Optional: verify the signed tag according to the release-process
documentation before proceeding.
Build trusted images
--------------------
Build the local trusted build images:
.. code-block:: bash
cd "$workspace"
buildah unshare "$buildah_dir/build.sh" archlinux "$tag"
buildah unshare "$buildah_dir/build.sh" fedora "$tag"
Build unsigned release artifacts
--------------------------------
Build the release artifacts for both distributions:
.. code-block:: bash
cd "$workspace"
"$tools_dir/build-release.sh" archlinux "$tag" "$tag"
"$tools_dir/build-release.sh" fedora "$tag" "$tag"

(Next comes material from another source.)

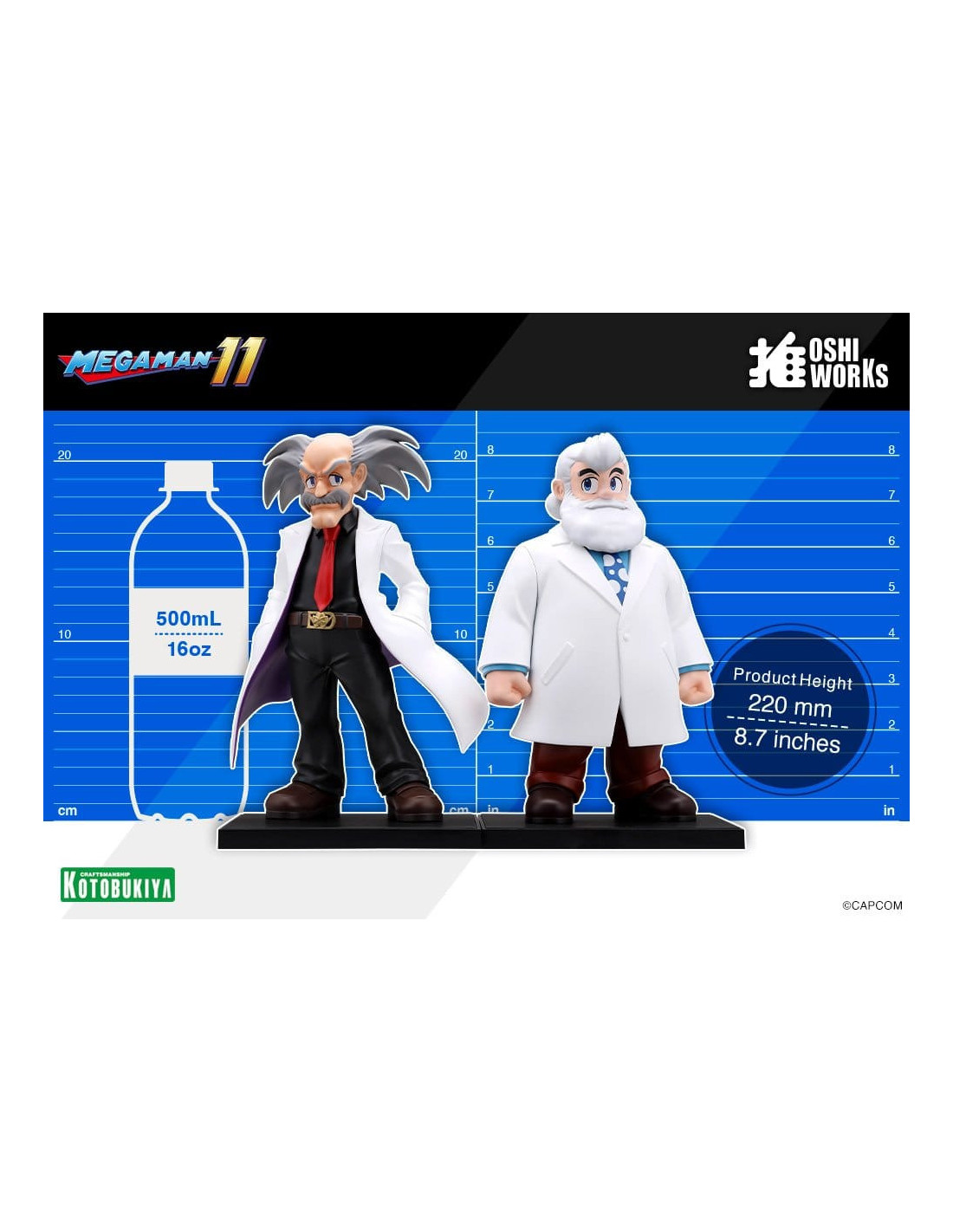 Abordable, à collectionner et AMUSANT ! Voici OSHI WORKS, une nouvelle série de Kotobukiya ! Basé sur « oshi », le mot japonais pour favori, OSHI WORKS a pour but de donner vie à vos personnages bien-aimés à des prix abordables. Que vous commenciez tout juste votre collection de figurines ou que vous soyez un collectionneur chevronné à la recherche de quelque chose de plus décontracté, OSHI WORKS convient à toutes sortes de fans d'« oshi ». Chaque figurine est livrée sur une base carrée standardisée qui la rend facile à collectionner et à exposer, de sorte qu'elle peut être montrée sous tous les angles. Bien sûr, Kotobukiya ne fera jamais de compromis sur notre qualité légendaire et notre peinture impeccable, tout en maintenant des prix abordables. Exposez vos figurines OSHI WORKS à côté de vos autres produits dérivés ou commencez une toute nouvelle collection avec la nouvelle série de Kotobukiya ! Abordable, à collectionner et AMUSANT ! Dr. Wily & Dr. Light de Mega Man 11 rejoignent la série OSHI WORKS ! Deux personnages qui ne peuvent être exclus d'aucune discussion sur Mega Man, et dont le lien fatal n'a pas besoin d'être présenté, apparaissent enfin dans ce coffret tant attendu. Les figurines OSHI WORKS présentent le volume satisfaisant attendu des figurines à l'échelle ainsi que des finitions de peinture qui font ressortir au maximum les charmes des personnages. Exposez-les avec Mega Man et Roll de la même série pour créer la gamme Mega Man ultime ! Des aimants maintiennent les figurines en place, permettant d'ajuster leurs positions pour s'adapter à n'importe quelle vitrine de collection. L'exposition de plusieurs figurines de la même série sur une seule base ajoute encore plus de plaisir à votre collection. C'est une série incontournable pour les fans, satisfaisant à la fois le plaisir d'exposer et la joie de collectionner. Taille : Dr. Wily : environ 22 cm de haut, Dr. Light : environ 22 cm de haut Matériau du produit : PVC·ABS Articles inclus : - Figurine (partiellement assemblée) - Base dédiée (la figurine se connecte à la plaque de fer imprimée à l'aide d'aimants.) Coopération de production : THOUSAND INC.
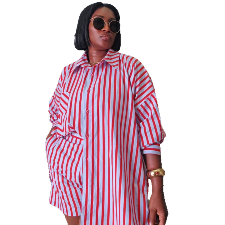 European and American large size vertical striped long-sleeved shirt women's sexy backless shirt African fashion casual shorts women's suit

The resulting release tree is located at:
.. code-block:: text
$workspace/shyft-build/$tag/release/
Set release output path
-----------------------
For convenience, define:
.. code-block:: bash
release_dir=$workspace/shyft-build/$tag/release
Sign release artifacts
----------------------
Sign the packages and bind them to the generated provenance manifests:
.. code-block:: bash
"$tools_dir/sign-pacman.sh" \
--manifest "$release_dir/archlinux/provenance/PROVENANCE.txt" \
"$release_dir/archlinux/packages/"*.zst
"$tools_dir/sign-rpm.sh" \
--manifest "$release_dir/fedora/provenance/PROVENANCE.txt" \
"$release_dir/fedora/packages/"*.rpm
Create repositories for publication
-----------------------------------
Create repository metadata for the selected channel:
.. code-block:: bash
"$tools_dir/create-archlinux-repo.sh" \
--source "$release_dir/archlinux" \
--channel stable \
--public-repo-baseurl https://archlinux.helset.gotdns.org
"$tools_dir/create-fedora-repo.sh" \
--source "$release_dir/fedora" \
--channel stable \
--public-repo-baseurl https://fedora.helset.gotdns.org
Copy signed repositories to publishing host
-------------------------------------------
Copy only the generated signed repositories to the publishing server:
.. code-block:: bash
cd "$workspace"
scp -rp archlinux/stable/ pkg-publish:/srv/packages/archlinux
scp -rp fedora/stable/ pkg-publish:/srv/packages/fedora
Result
------
After these steps:
- release artifacts are built on the trusted host
- packages are signed on the trusted host
- repository metadata is generated
- only signed repositories are copied to the publishing environment
For policy, trust assumptions, role separation, and verification guidance, see
the main release-process documentation.